Percebemos, então, que a equivalência não se processa no domínio da abrangência, tampouco no do tempo. Mas, afinal, de qual forma se dá essa equivalência? Se nos lembramos bem de nossas primeiras reflexões neste texto, os predicados associam características aos nomes. Pois bem, se a equivalência não se processa no domínio do tempo nem no domínio da abrangência, resta a essa equivalência processar-se no domínio dos conteúdos dos predicados. E então chegamos a um ponto que, intuitivamente, percebe-se a equivalência entre eles realiza-se justamente nesse domínio. Mas é igualmente intuitiva a percepção de que a equivalência entre esses predicados realiza-se apenas nesse domínio e em nenhum dos outros dois domínios analisados aqui. Portanto, concluímos que a equivalência entre esses predicados se limita ao conteúdo dos mesmos.

Posto isso podemos continuar a análise a que nos propomos antes dessas definições, a saber, como os predicados ser homem e ser humano se relacionam com o predicado ser superior. Concluímos antes que a coisa gerada participa do predicado ser melhor em pelo menos um grau acima da geradora, e também concluímos que o predicado ser homem pode gerar um predicado que esteja além dele e, portanto, participa em pelo menos um grau acima do predicado ser melhor. A questão que se segue, depois dessas considerações, é saber se é possível gerar algum predicado novo a partir do predicado ser homem.

Lembremos que existem dois predicados que não parecem estar relacionados com o predicado ser homem: os predicados ser capaz de linguagem e ser pensante. Conforme exposto anteriormente, o predicado ser homem é gerado imediatamente do predicado ser animal e parece, por esse mesmo motivo, estar no mesmo patamar de predicados como ser porco, ser peixe ou outros predicados dessa linha. Como é empiricamente factual que aos nomes relacionados a esses predicados não se associam os predicados ser capaz de linguagem e ser pensante forçosamente se conclui que esses predicados não podem ser associados a outros predicados que estejam neste nível ainda.

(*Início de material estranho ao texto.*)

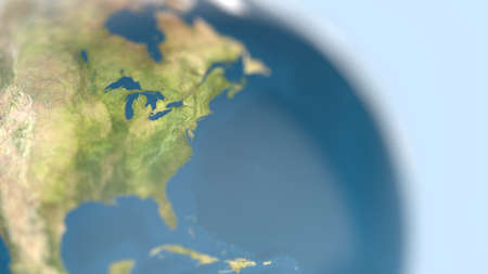 North America on a globe with selective focus.
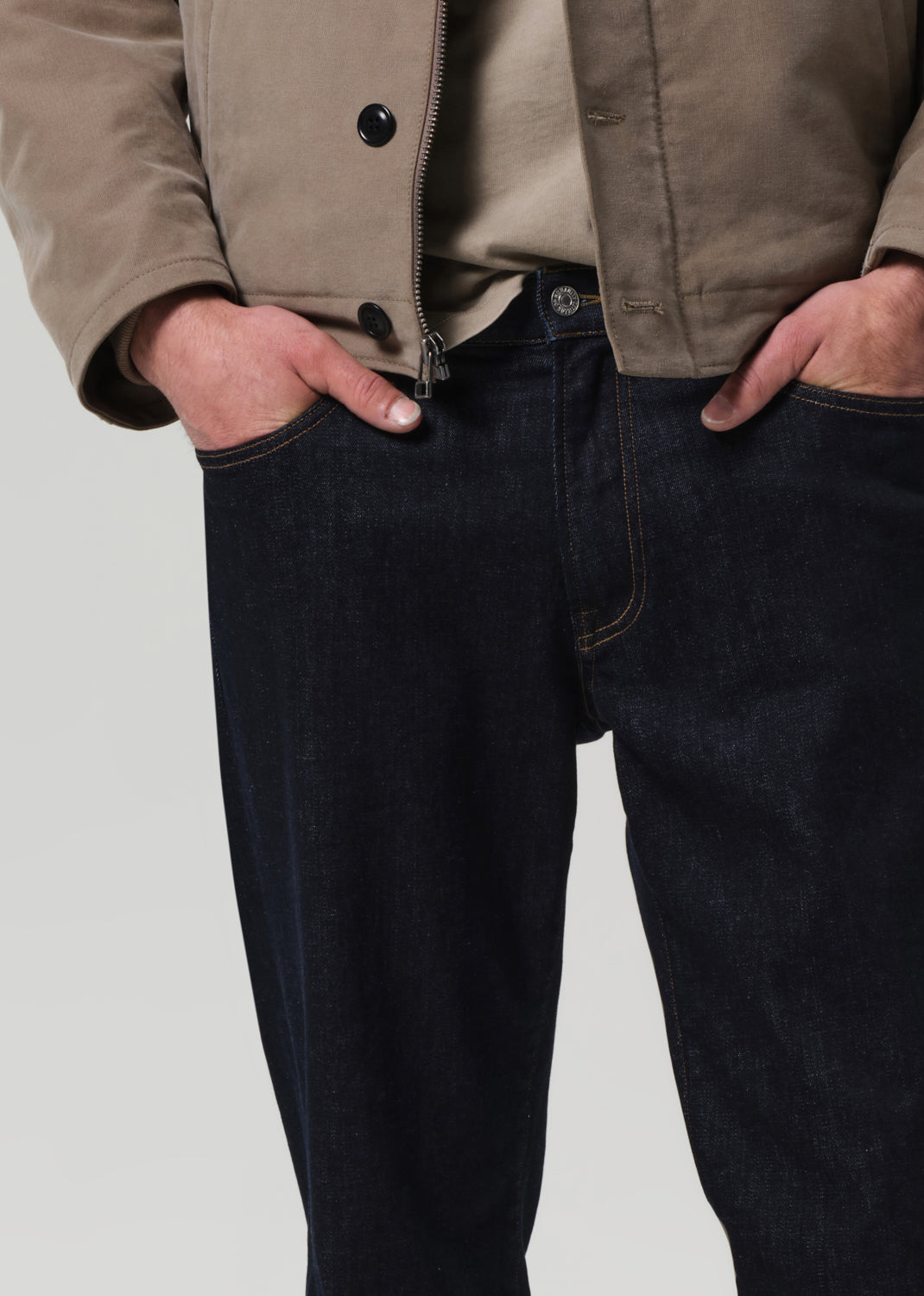 The Elijah is our most relaxed fit—cut straight through the hip and leg for all-day ease. Crafted from heavyweight comfort stretch denim with a soft hand, this pair is finished in a deep, clean indigo wash for a timeless, refined look. Made from regenerative cotton and recycled elastane.

Nada, porém, impede que esses dois predicados possam ser associados a outros, gerando assim predicados que estejam além, e participem em pelo menos um grau a mais do predicado ser melhor, dos predicados originais. Em outras palavras, é possível gerarmos a partir de um predicado qualquer um outro que participaria em pelo menos um grau a mais do predicado ser melhor e esteja além do predicado original acrescentando a este os predicados ser capaz de linguagem e ser pensante. Percebamos que esses predicados poderiam ser associados a qualquer outro predicado pré-existente — mas por algum mero acaso esses predicados foram associados ao predicado ser homem, gerando assim um predicado além e pelo menos em um grau melhor do que ser homem.

Pensemos agora: como poderíamos caracterizar precisamente o predicado ser humano? Mais precisamente, o que diferencia esse predicado dos demais? Pensemos, e fatalmente chegaremos à mesma conclusão que outros pensadores antes de mim já chegaram: são justamente os predicados ser capaz de linguagem e ser pensante. Para quem quiser se certificar disso basta que leia com atenção clássicos como Aristóteles, Descartes e outros dessa linha. Portanto o predicado ser humano é gerado a partir do predicado ser homem, ao se acrescentar a este os predicados ser capaz de linguagem e ser pensante. Pelo que já demonstrei anteriormente, é forçoso que o predicado ser humano esteja além do predicado ser homem e que participe aquele do predicado ser melhor em pelo menos um grau a mais do que este, e portanto tem-se demonstrado o significado do predicado ser humano, conforme se queria demonstrar.